To make matters worse the past several years NBC has consistently treated its few strong shows on Thursday night as odd men out. In its third season NBC did not debut Parks and Recreation until mid-season. NBC did the same thing with Community in both its fourth and its current fifth seasons. Both Parks and Recreation and Community have consistently performed better than the new shows NBC has debuted in their wakes. They also have fiercely loyal followings who are guaranteed to watch them each week (indeed, there was an uproar when fans found out Community would begin its fourth season until mid-season). It is then curious that the network has at times scheduled them so strangely. One has to wonder if NBC would not do better on Thursday nights if they would only debut both shows at the start of the season in September.

Of course, Community and Parks and Recreation aren't the only strong shows that NBC has scheduled wrongly. Unlike many of the sitcoms that have aired on NBC on Thursday mights, The Michael J. Fox Show has a particularly strong cast (including Michael J. Fox and Wendell Pierce). It is also a very funny, well written show. Unfortunately, NBC decided to schedule it at 9:30PM Eastern/8:30PM Central following the much weaker Sean Saves the World. While Sean Saves the World was not necessarily a bad show (it was much better than either Up All Night or The Paul Reiser Show at any rate), it wasn't a particularly good show either. I have to suspect many viewers opted to watch The Crazy Ones on CBS instead and did not bother to switch the channel back to NBC to watch The Michael J. Fox Show. Had The Micahel J. Fox Show been scheduled at 9:00PM Eastern/8:00PM Central, it might have done much better in the ratings.

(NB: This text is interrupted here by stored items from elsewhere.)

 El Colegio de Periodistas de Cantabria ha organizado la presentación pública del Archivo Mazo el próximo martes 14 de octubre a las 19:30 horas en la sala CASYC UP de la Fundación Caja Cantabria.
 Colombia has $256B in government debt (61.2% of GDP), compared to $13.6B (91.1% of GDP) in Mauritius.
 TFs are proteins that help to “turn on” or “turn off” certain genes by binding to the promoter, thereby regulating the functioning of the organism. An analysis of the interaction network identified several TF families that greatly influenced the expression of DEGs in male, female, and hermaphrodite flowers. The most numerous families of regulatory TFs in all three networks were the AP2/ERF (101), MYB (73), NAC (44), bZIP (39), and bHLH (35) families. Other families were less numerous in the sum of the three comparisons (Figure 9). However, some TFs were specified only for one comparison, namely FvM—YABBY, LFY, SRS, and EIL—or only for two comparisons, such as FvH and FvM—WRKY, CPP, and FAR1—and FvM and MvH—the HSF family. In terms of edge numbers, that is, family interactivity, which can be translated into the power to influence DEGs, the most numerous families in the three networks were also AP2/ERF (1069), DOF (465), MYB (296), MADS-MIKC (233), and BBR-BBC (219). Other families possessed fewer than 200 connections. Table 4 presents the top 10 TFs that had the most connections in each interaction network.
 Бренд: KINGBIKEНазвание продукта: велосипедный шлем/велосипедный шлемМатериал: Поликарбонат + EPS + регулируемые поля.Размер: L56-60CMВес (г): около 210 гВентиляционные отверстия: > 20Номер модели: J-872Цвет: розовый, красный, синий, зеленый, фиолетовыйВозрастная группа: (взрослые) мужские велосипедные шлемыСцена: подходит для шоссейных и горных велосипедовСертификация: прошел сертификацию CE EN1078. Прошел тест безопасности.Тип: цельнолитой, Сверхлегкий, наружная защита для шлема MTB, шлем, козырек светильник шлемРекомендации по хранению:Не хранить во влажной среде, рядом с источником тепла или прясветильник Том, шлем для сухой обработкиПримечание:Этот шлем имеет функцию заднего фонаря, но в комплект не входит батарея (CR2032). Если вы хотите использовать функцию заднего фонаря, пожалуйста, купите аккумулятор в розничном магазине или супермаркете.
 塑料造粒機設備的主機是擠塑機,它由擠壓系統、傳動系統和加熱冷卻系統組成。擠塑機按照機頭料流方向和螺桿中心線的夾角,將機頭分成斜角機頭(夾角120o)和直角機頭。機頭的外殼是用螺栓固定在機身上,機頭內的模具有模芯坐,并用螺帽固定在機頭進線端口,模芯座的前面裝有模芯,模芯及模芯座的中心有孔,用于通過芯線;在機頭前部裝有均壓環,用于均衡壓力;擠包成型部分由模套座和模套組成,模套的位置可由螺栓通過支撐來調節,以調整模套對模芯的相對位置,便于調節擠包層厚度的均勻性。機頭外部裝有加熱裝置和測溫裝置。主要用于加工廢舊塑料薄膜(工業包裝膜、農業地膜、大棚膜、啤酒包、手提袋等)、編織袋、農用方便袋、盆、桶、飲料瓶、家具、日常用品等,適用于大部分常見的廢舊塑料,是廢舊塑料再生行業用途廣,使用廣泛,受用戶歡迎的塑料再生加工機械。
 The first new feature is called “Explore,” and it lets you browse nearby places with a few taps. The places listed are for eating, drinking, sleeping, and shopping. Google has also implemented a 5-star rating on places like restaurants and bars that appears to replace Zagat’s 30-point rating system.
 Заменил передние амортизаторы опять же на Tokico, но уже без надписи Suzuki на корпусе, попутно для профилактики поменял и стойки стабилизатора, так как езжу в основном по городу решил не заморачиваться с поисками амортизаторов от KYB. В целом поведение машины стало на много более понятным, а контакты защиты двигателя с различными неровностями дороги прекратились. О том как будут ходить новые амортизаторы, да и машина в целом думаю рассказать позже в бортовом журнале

In the end the path NBC should take with its Thursday night comedies seems fairly clear to me. The network has already renewed Parks and Recreation. They should also renew Community and The Michael J. Fox Show. What is more they should also debut all three shows in September for the 2014-2015 season. As to the fourth, new sitcom they air on Thursday nights in the 2014-2015 season, they should make sure that it not only has a strong cast, but that it also has strong scripts. It takes more than actors to make a successful sitcom. It takes good writing as well. Now I can't say that NBC will once more dominate Thursday nights with that line up. In fact, I suspect they could still well lose the night to CBS and at least part of it to ABC. That having been said, I think NBC would do better than they have the past few years.